Endless Trajectories

Explore Page
Website Graph
Dataset Download

Introduction

Most web agent datasets are broken in the same way: they’re small, hand-written, and tied to frozen versions of websites that change almost instantaneously. That was the starting point for this project.

If you want to train a browser agent today, you usually go download a benchmark like WebArena or Mind2Web, run it against an old snapshot, and optimize on that. Real websites, however, are messy and constantly changing. Buttons get renamed, layouts shift, flows become more complicated, and suddenly the benchmark is measuring performance on a version of the web that doesn’t exist anymore.

We built Endless Trajectories to make web agent data generation dynamic instead of static. The idea is simple. Webpage in, RL dataset out.

Given a website, the system explores the live UI, discovers what the interface can actually do, generates grounded tasks, executes browser trajectories, verifies the results, and exports everything as inspectable training data. Instead of manually writing tasks against static snapshots of webpages, the system generates them directly from the live site.

How it works

The pipeline has several stages.

First, the system explores the website using Amazon Nova Act. Rather than simply crawling links, the explorer tries to understand what actions are possible on each page. It interacts with the site the same way a real user would.

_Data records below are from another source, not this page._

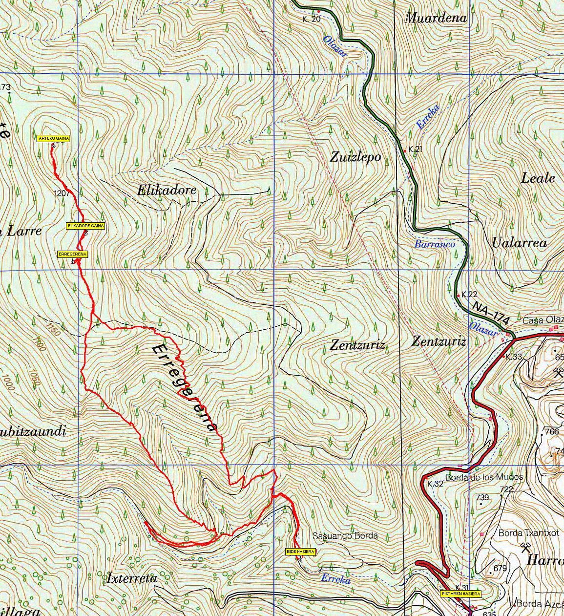 Eugiko harrobien sarrera baino 50 bat metroren aurrean hasten den pista asfaltatuan hasiko dugu gure ibilbidea. Pistak ipar-mendebalderantz egiten du. Autoz egin genitzake lehenbiziko berrehun bat metroak, debeku karteleraino. Bertan autoa utzi eta pistan gora jarraituko dugu. Zubi txiki bat pasata, eskuin aldean pista bat pagadian sartzen ikusiko dugu. Lurrezko pista horrek sigi-saga eramanen gaitu mendian gora. Luze gabe, pista zurira aterako gara berriz ere. Metro batzuk eskuinetara eginda, bide bat ikusiko dugu ezkerretara, pagadian sartzen. Bide hori hartu eta gora jarraituko dugu mendiaren ertzeraino -ikus mapa-. Bidea utzi eta ertz horretan gora eginen dugu. Hasieran bidexka estu bati jarraituko diogu, baina gora egin ahala, hori ere galdu eta biderik gabe gora egiten jarraituko dugu. Iparreari eutsiko diogu uneoro, eta mendiaren ertzari ere, alboetara desbideratu gabe. Altuerako 1150 metroen aldean, bide zabalago batekin eginen dugu topo, usategien dorrez dorre dabilena. Bideari mendebalderantz jarraituko diogu. Bideak zuzenean mendiaren gailurrera eramanen gaitu. Mugarri pare bat ikusiko ditugu bertan. Hogei bat metro mendebalderago, harkaitz batzuk daude, nondik paisaia apur batez gozatzeko aukera izanen baitugu.
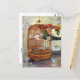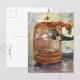 Carte postale avec le tableau The Cage (1885), de Berthe Morisot (1841-1895), elle est une artiste impressionniste française. La critique d'art Gustave Geffroy la surnomme les trois grandes dames, les trois grâces de l'impressionnisme, avec Mary Cassatt et Marie Barcquemond. Ce tableau représente une cage d'oiseau en osier sur une table avec un bol de fleurs en céramique.
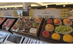 2일 서울 영등포구에 위치한 신세계백화점 타임스퀘어점에 전시용 추석 선물세트 모형이 진열돼있다. 노유림 기자 2일 오전 서울 영등포구에 위치한 신세계백화점 타임스퀘어점. 추석을 한 달 남짓 앞뒀지만 과일 코너에는 사전예약 안내문과 함께 다양한 선물세트가…
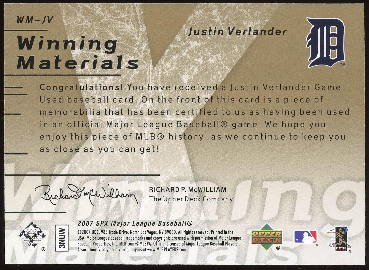 Justin Verlander 2007 SPx Winning Materials Game Used Patch Gold Card /50
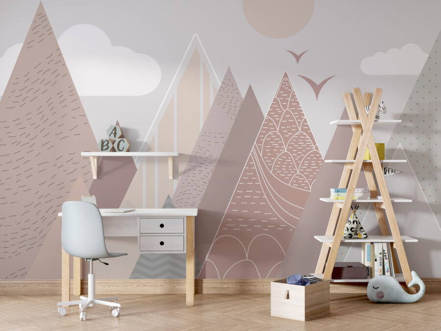 Φανταστείτε να μπαίνετε σε ένα δωμάτιο και να αισθάνεστε αμέσως μια αίσθηση ηρεμίας και ιδιοτροπίας – κάτι σαν ένα άνετο όνειρο της ημέρας. Η τοιχογραφία τοίχου “Γεωμετρικά βουνά με πουλιά που πετούν” κάνει ακριβώς αυτό. Φέρνει μια γλυκιά, γαλήνια ατμόσφαιρα σε κάθε παιδικό δωμάτιο με τα παιχνιδιάρικα, παστέλ βουνά και τα φιλικά πουλιά που πετούν. Ιδανική για παιδικούς σταθμούς και παιδικά υπνοδωμάτια, πασπαλίζει λίγη μαγεία χωρίς να είναι υπερβολικά δυνατή.
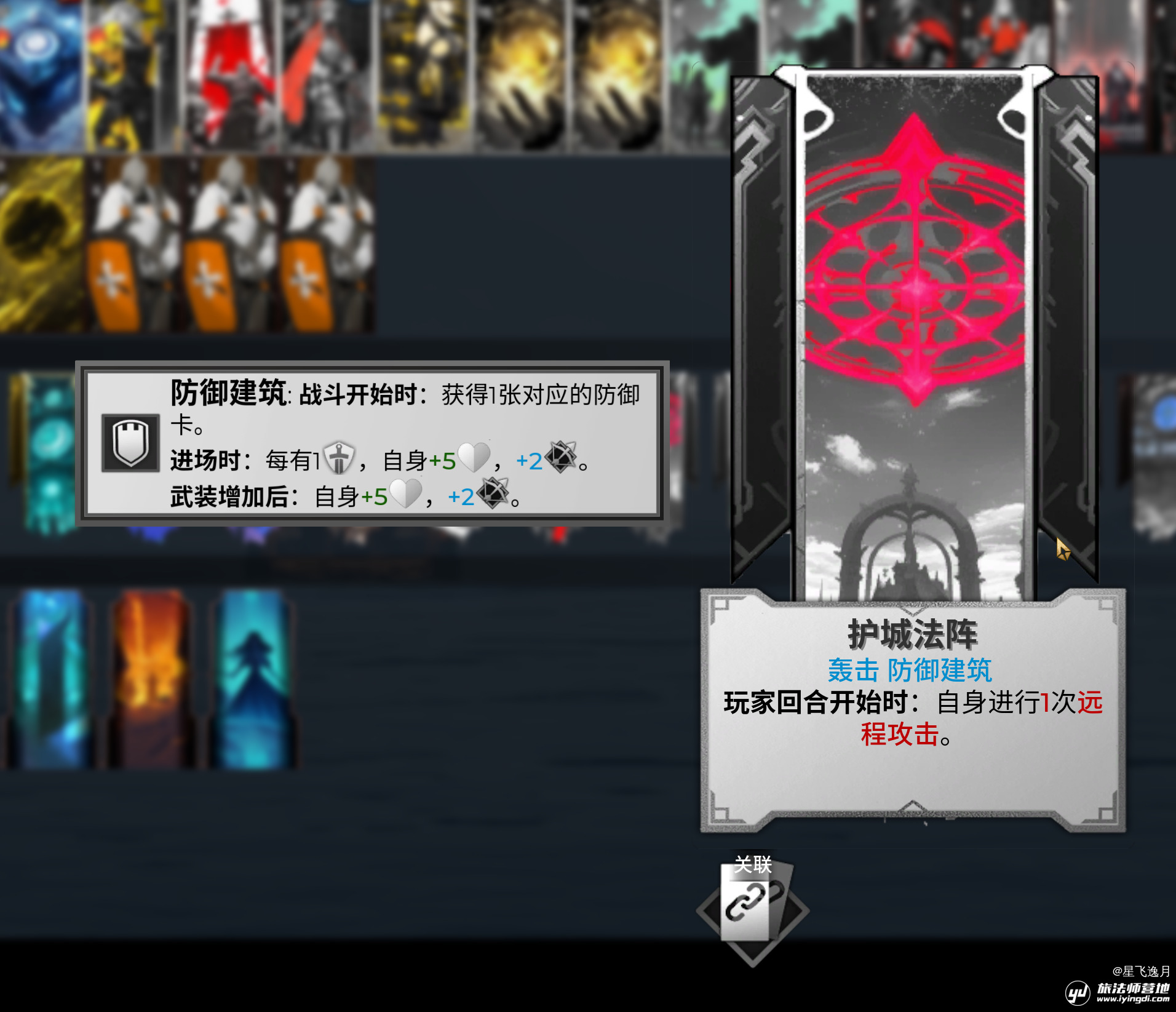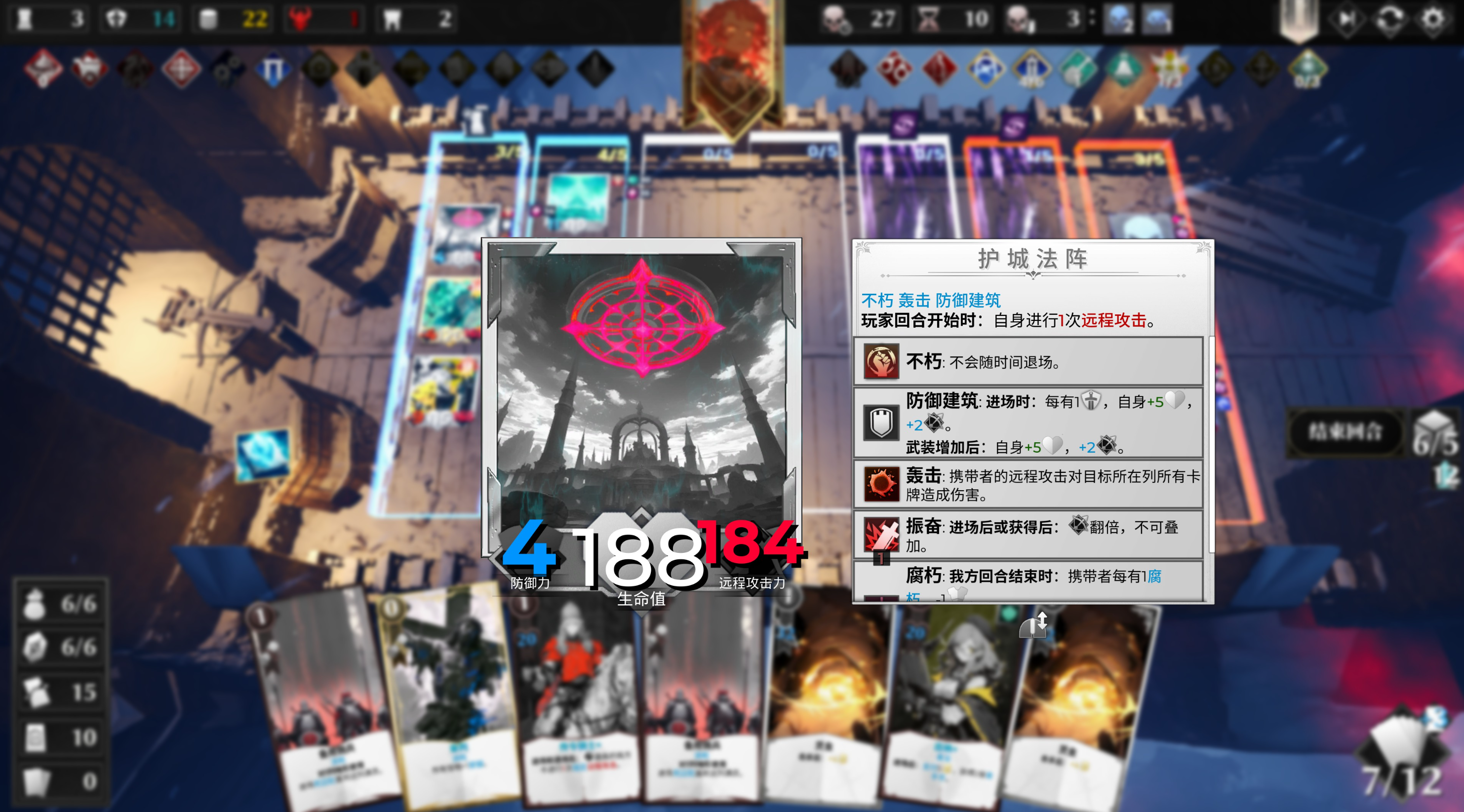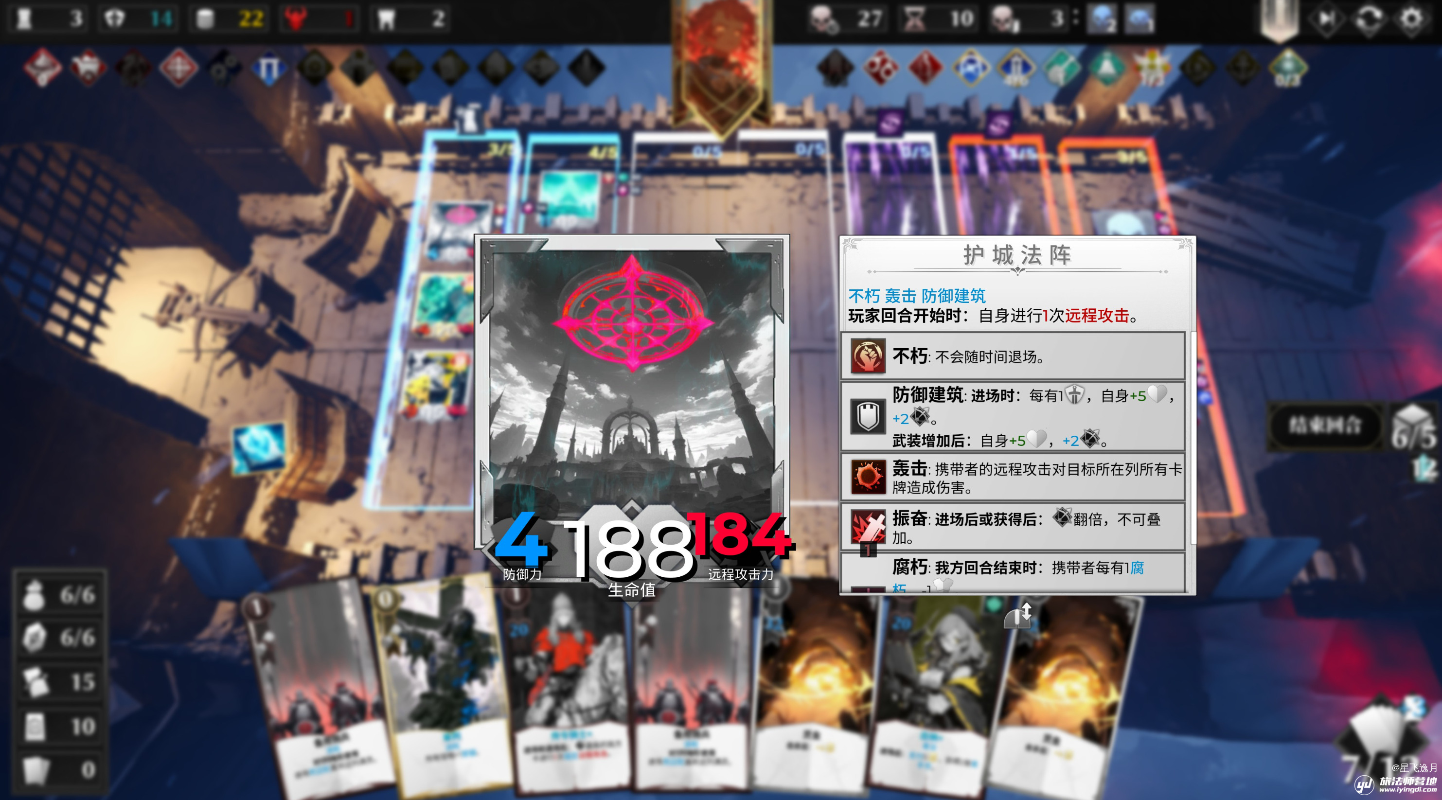 核心输出点为护城法阵,自带的轰击属性能同时对一列的敌人进行群体伤害,再通过叠武装或者用挑衅增加单次伤害,使用金手币增加攻击频率,前排则由长矛兵和备用佣兵生成的死囚犯阻挡敌人前进,在中后期杂兵密度较高时能起到非常好的压制效果,少数敌人(比如龙和不可名状之尸)会需要一点耐心,基本上成型之后能应对大部分战斗。

While this exploration is happening, Amazon Nova 2 Lite helps generate exploration goals and classify pages. Instead of hardcoding a crawl strategy, the system asks the model to propose the next objective based on the current page and available UI actions.

As the explorer runs, it builds a state graph of the site. One of the things that became clear early on was that websites rarely behave like simple forward paths. Filters loop back to the same page with different states, modals open on top of pages, and users constantly backtrack. Modeling the site as a state graph allows the system to capture these real interactions.

Once the graph is constructed, the system generates tasks grounded in the discovered structure. This means tasks only reference actions that actually exist on the site, avoiding hallucinated instructions. Tasks are then executed by parallel Nova Act workers, each running its own browser session. During execution, the system records traces, screenshots, and metadata so each trajectory can be inspected later.

Successful trajectories are exported as dataset packs containing execution traces, screenshots, verification metadata, and quality scores. These can be used for training, evaluation, or RL experiments with browser agents.

Challenges

One of the biggest challenges was correctly modeling how websites behaved. Early versions assumed mostly forward navigation paths, but real sites quickly introduced cycles through filters, modals, and dynamic UI state. This required redesigning the representation into a more flexible graph structure.

Another challenge was reliability. Running multiple browser agents in parallel exposed issues like browser popups interfering with automation and malformed outputs from model calls. A significant amount of work went into making the pipeline robust enough to run consistently.

Why Amazon Nova

Amazon Nova was central to the project.

Amazon Nova Act powers the browser interaction layer, including exploration, execution, structured extraction, and trajectory tracing.

Amazon Nova 2 Lite is used for goal generation, page understanding, and task synthesis. Together, they make it possible to build a system that interacts with the web dynamically rather than relying on static scripts.

The bigger idea

Endless Trajectories is not a dataset generator, but rather is a factory.

Instead of relying on benchmarks tied to frozen snapshots, the system can generate an infinite amount of fresh browser-agent training data directly from live websites. As the web evolves, the datasets stay relevant because they are always generated from the current state of the site.